On April 20, 2012, Delcath Systems, Inc. (the “Company”) entered into a four-year Loan and Security Agreement (the “Credit Agreement”) with Silicon Valley Bank (“SVB”), as lender. The Credit Agreement consists of a revolving credit facility in an amount equal to the lesser of $20,000,000 and the Company’s Borrowing Base (as defined in the Credit Agreement). In order to draw down on the facility, the Company will need to have at least the greater of (i) $15,000,000 in cash and cash equivalents in its account with SVB plus the amount of all outstanding obligations of the Company owed to SVB and (ii) trailing 3 months Cash Burn (as defined in the Credit Agreement) plus the amount of all outstanding obligations of the Company owed to SVB.
Borrowings under the Credit Agreement bear interest at a floating per annum rate equal to the United States Prime Rate (as published in The Wall Street Journal) plus 2.00% or 1.00%, based on the Company’s Adjusted Quick Ratio (as defined in the Credit Agreement). The Credit Agreement also requires that the Company pay SVB certain commitment fees on the unused portion of the revolving credit facility.
All obligations under the Credit Agreement, as well as the Company’s obligations under certain other agreements with SVB, are secured by substantially all of the Company’s assets. The Credit Agreement contains customary covenants, including, but not limited to, limitations on the ability of the Company and its subsidiaries to incur additional debt and liens, dispose of assets, and make certain investments and restricted payments.
The Credit Agreement also contains customary events of default, including, but not limited to, payment defaults, breaches of representations and warranties, covenant defaults, material adverse effect, certain events of bankruptcy and insolvency, defaults based on certain judgments, defaults based on restraints on business, failure of any provision of any loan document to be in full force and effect, change of control, and certain ERISA defaults. If an event of default occurs and is continuing, amounts due under the Credit Agreement may be accelerated and the commitments to extend credit thereunder terminated, and the rights and remedies of SVB under the Credit Agreement available under the applicable loan documents may be exercised, including rights with respect to the collateral securing the obligations under the Credit Agreement.

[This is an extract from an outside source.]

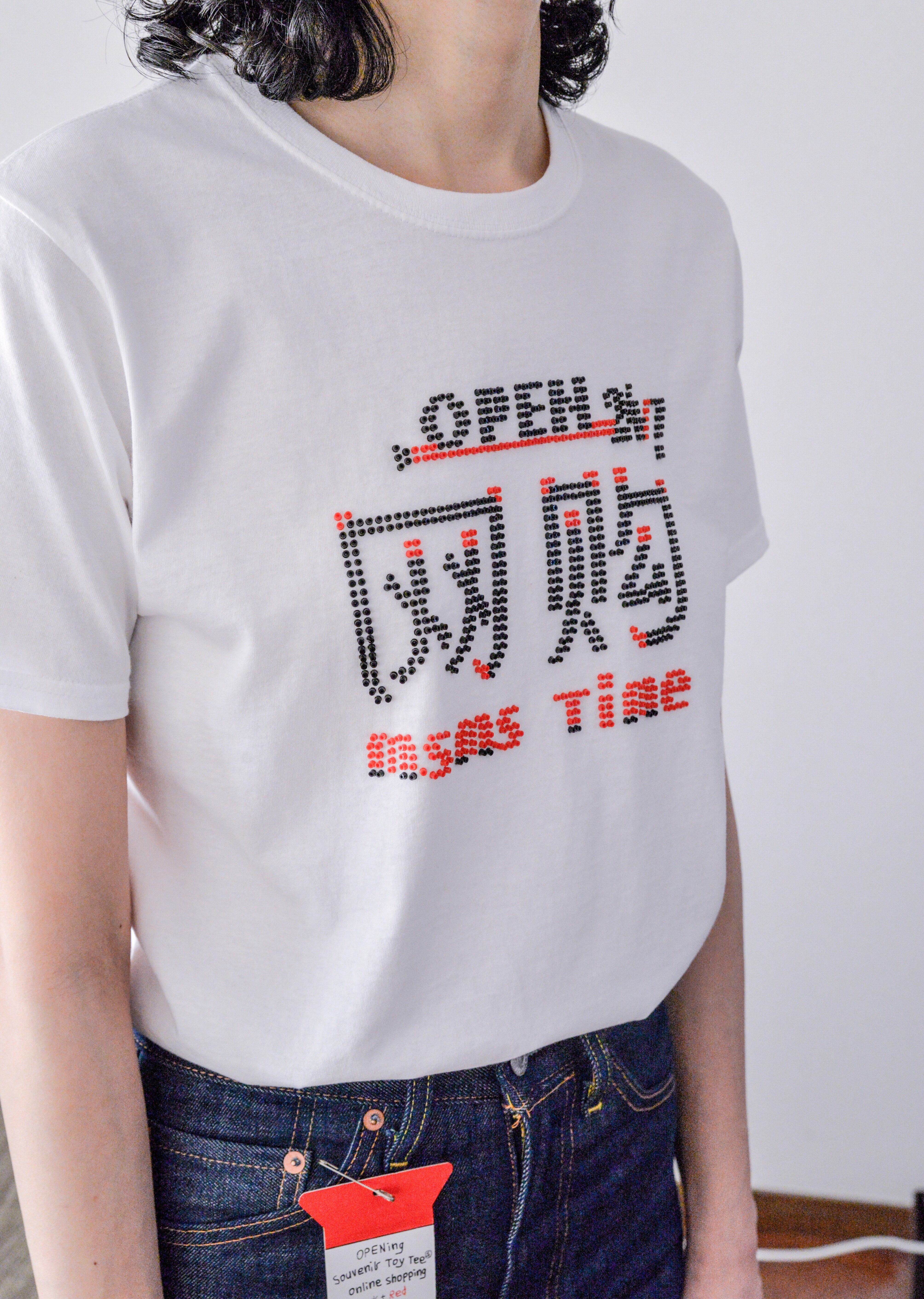オープン記念に製作した、このTシャツには中国語でオンラインショッピングの略が入っています。いつでもお好きな時間に(OPEN 24/7(24時間営業))ms ms Time(ムズムズタイム)を楽しんで下さい。
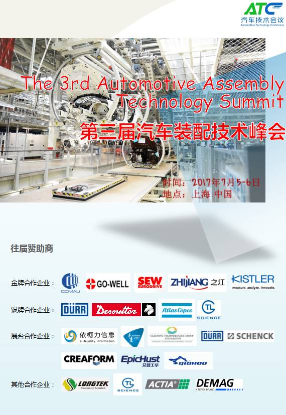 “第三届汽车装配技术峰会”将在2017年7月5-6日再次隆重举行,在延续“汽车总装”和“动力总成装配”两个会场的基础上,在众多与会者的建议下,本届会议将增设“电池装配“分会场,本届会议预计将超过600名汽车装配技术领域的专业人士,已成为国内最大规模、技术水平最高的汽车装配技术盛会。

The foregoing description of the Credit Agreement does not purport to be complete and is qualified in its entirety by reference to the text of such document.
Item 2.03. Creation of a Direct Financial Obligation or an Obligation under an Off-Balance Sheet Arrangement of a Registrant.
The information described above under “Item 1.01. Entry into a Material Definitive Agreement” is incorporated herein by reference.
SIGNATURES
Pursuant to the requirements of the Securities Exchange Act of 1934, the registrant has duly caused this report to be signed on its behalf by the undersigned hereunto duly authorized.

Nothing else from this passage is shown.